Tuvo la certeza de estar indefenso y por eso se abrazó a Vilma y la besó,

sin hipocresías.

- ¿Vas a desquitarte?- preguntó ella- no soy tu trapo ni plato de segunda

mesa.

- No es eso.

“No lo fue aquel día”, pensó, pero cuando le dijo que era diferente se puso

nervioso. Además no resistía la rozadera en el muslo. Dejó de respirar y el

tractor como hoja en remolino. Por suerte el ave no habló más y entonces

cuando iban llegando a casa de Tinajón sin Cuello apagó el motor.

“Bájate aquí mismo, le dijo. “¡Qué te tires!”

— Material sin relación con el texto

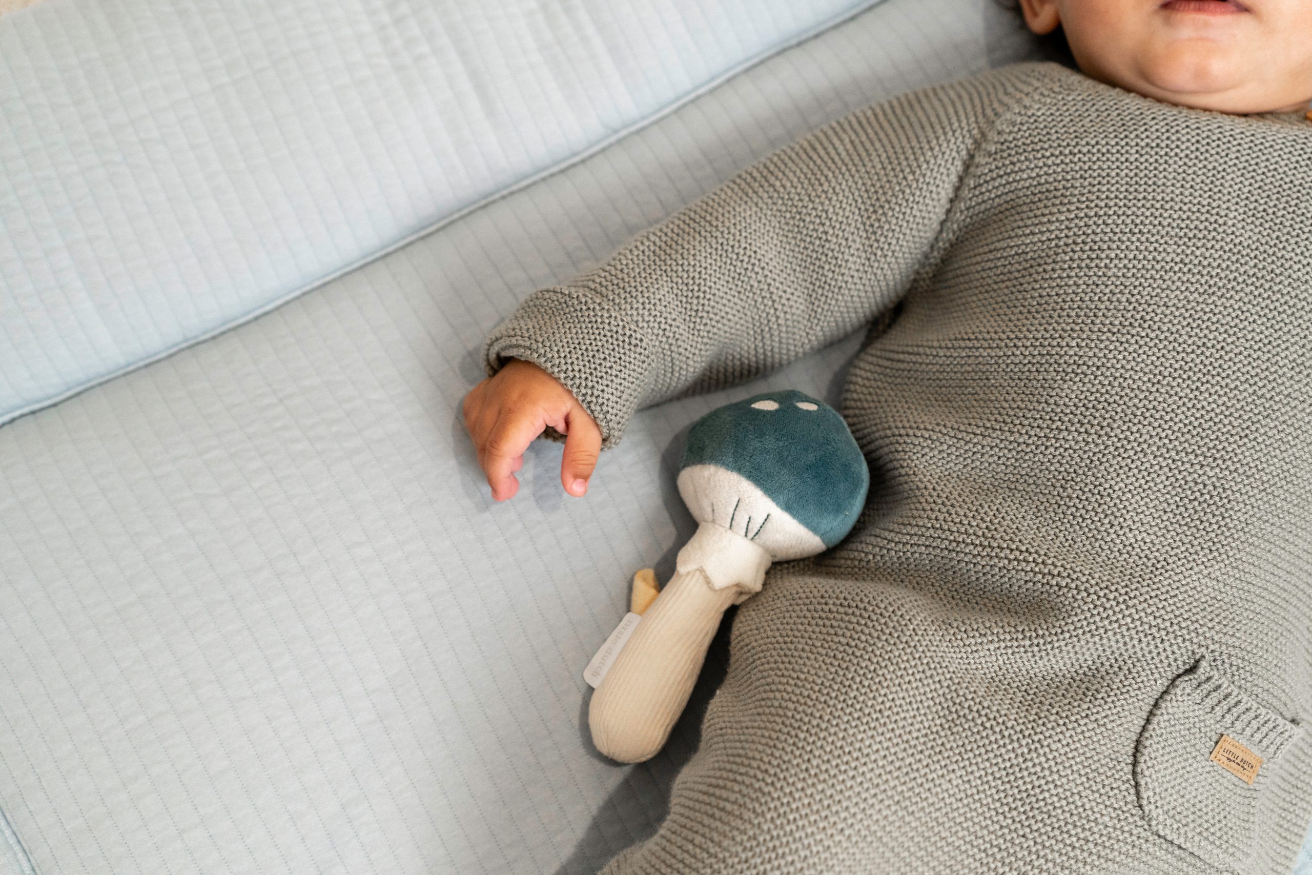 Deze schattige rammelaar is ontworpen in de vorm van een mooie paddenstoel, met mooie witte stippen en verschillende texturen die de nieuwsgierigheid van de baby zullen prikkelen. Elke keer dat het kindje de rammelaar beweegt, klinkt er een zacht rammelgeluid dat zorgt voor urenlang speelplezier.

Debían ser casi las cuatro de la mañana.

- ¡Dios mío! - repitió Vilma.

¿Pero Luisi a quién iba a llamar? Al menos si fuera como antes. Desde niño

creía en El. Por las noches se arrodillaba en la oscuridad a rogarle para que su

padre dejara la bebida y que los Reyes Magos le trajeran buenos juguetes;

pero en la mañana al meter la mano debajo de la cama Melchor, Gaspar y

Baltasar no le habían dejado nada, solo el tibor de orina y el vómito apestoso

de su padre.

“¡Al fin! “, se alegró.

Se bajó de la cama.

- ¿Qué haces ahora? - preguntó Vilma.

“¿Qué diablos iba a hacer con esa pudrición, con ese desespero? “

- Fui a tomar agua - contestó.

- Tomando agua y hablando solo.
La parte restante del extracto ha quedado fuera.